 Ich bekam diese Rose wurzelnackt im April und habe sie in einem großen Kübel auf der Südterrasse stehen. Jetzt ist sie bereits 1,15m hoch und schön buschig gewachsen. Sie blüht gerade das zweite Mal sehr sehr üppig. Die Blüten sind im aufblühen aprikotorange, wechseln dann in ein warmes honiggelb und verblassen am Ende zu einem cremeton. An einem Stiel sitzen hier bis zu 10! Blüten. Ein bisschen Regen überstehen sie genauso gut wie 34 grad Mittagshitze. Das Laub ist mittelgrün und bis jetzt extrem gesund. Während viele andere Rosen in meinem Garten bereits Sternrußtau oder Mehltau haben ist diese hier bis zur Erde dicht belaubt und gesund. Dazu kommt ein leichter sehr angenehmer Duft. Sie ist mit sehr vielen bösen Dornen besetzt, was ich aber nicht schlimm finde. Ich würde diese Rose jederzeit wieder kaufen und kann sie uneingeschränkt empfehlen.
-------
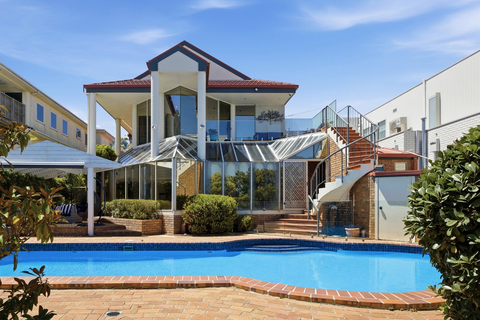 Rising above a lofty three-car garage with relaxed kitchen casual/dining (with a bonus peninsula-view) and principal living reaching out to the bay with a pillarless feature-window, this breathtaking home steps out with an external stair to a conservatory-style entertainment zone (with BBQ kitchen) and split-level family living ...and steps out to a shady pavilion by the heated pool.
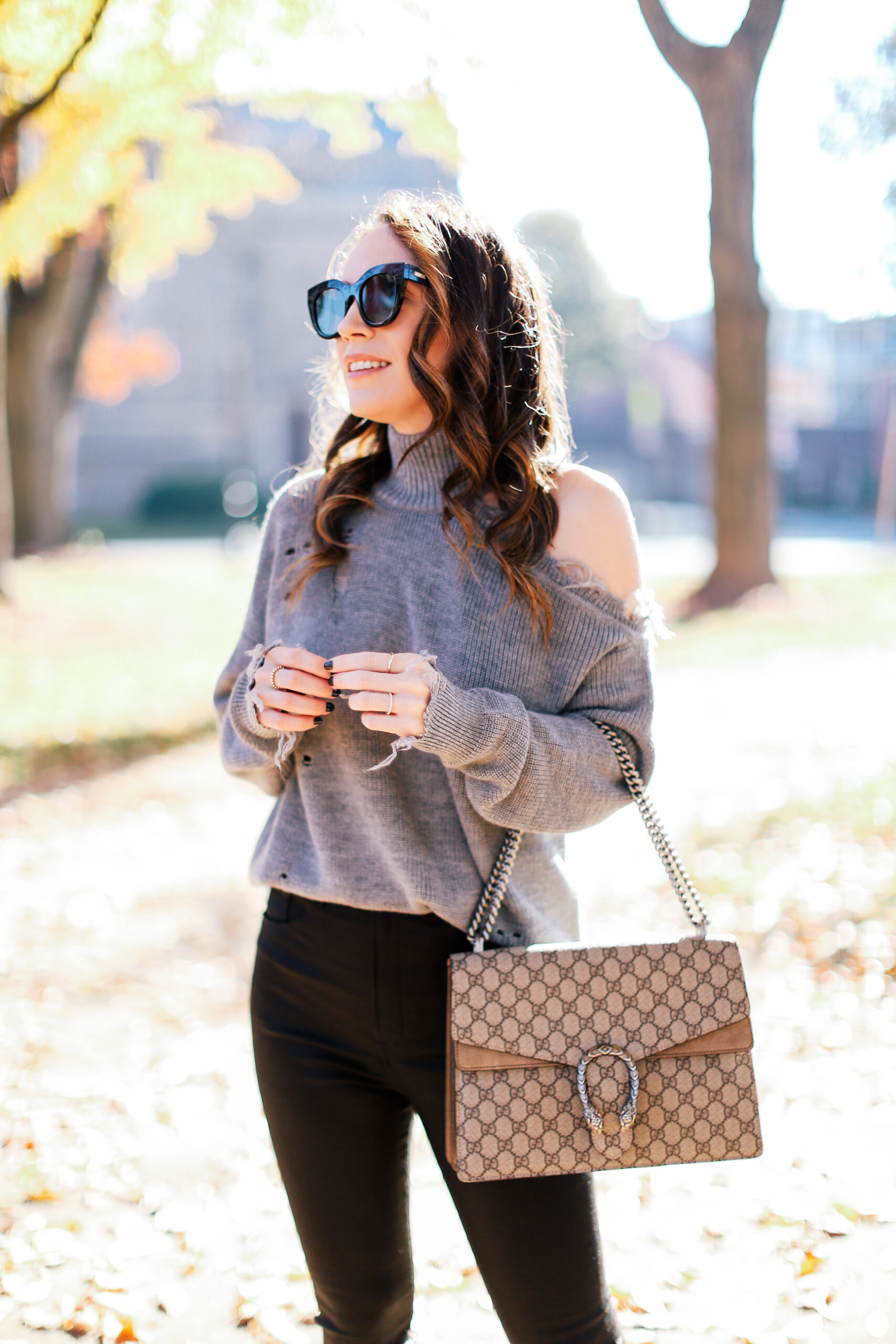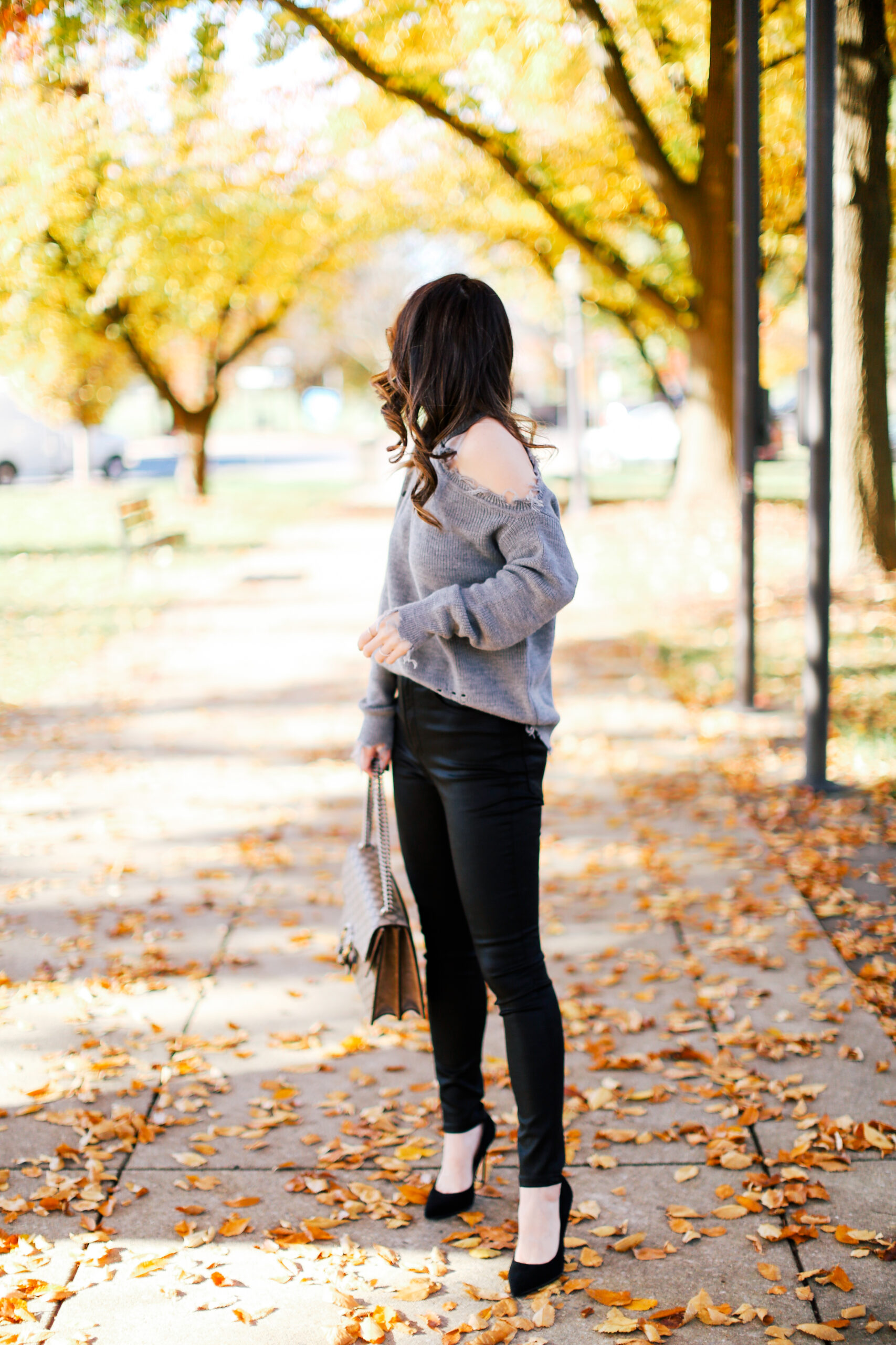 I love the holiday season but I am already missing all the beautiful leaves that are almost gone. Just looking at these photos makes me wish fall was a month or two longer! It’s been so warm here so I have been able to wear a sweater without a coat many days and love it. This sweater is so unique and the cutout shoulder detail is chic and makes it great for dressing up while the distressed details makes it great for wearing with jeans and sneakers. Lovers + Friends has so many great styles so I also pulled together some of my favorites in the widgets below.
-------
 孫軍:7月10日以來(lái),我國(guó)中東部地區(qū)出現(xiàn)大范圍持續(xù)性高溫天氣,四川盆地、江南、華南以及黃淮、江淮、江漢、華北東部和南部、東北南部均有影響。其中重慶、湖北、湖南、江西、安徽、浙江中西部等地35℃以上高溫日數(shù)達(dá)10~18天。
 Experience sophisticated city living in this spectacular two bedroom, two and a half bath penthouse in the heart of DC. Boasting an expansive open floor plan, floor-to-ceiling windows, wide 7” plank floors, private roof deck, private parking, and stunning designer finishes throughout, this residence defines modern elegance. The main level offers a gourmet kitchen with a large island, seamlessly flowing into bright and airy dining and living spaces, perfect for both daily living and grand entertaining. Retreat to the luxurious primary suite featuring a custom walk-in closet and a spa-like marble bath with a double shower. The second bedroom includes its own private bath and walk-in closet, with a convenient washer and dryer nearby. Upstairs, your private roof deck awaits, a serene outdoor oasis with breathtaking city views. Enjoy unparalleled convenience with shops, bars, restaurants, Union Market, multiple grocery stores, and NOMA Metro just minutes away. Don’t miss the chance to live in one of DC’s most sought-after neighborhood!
-------
* **WHAT YOU SHOULD DO**
Please copy the lines above from the line with "孫軍:7月10日以來(lái" up to and including the line with "Experience sophisticated city", exactly as written and with nothing else.

* **WRITTEN ANSWER**
 孫軍:7月10日以來(lái),我國(guó)中東部地區(qū)出現(xiàn)大范圍持續(xù)性高溫天氣,四川盆地、江南、華南以及黃淮、江淮、江漢、華北東部和南部、東北南部均有影響。其中重慶、湖北、湖南、江西、安徽、浙江中西部等地35℃以上高溫日數(shù)達(dá)10~18天。
 Experience sophisticated city living in this spectacular two bedroom, two and a half bath penthouse in the heart of DC. Boasting an expansive open floor plan, floor-to-ceiling windows, wide 7” plank floors, private roof deck, private parking, and stunning designer finishes throughout, this residence defines modern elegance. The main level offers a gourmet kitchen with a large island, seamlessly flowing into bright and airy dining and living spaces, perfect for both daily living and grand entertaining. Retreat to the luxurious primary suite featuring a custom walk-in closet and a spa-like marble bath with a double shower. The second bedroom includes its own private bath and walk-in closet, with a convenient washer and dryer nearby. Upstairs, your private roof deck awaits, a serene outdoor oasis with breathtaking city views. Enjoy unparalleled convenience with shops, bars, restaurants, Union Market, multiple grocery stores, and NOMA Metro just minutes away. Don’t miss the chance to live in one of DC’s most sought-after neighborhood!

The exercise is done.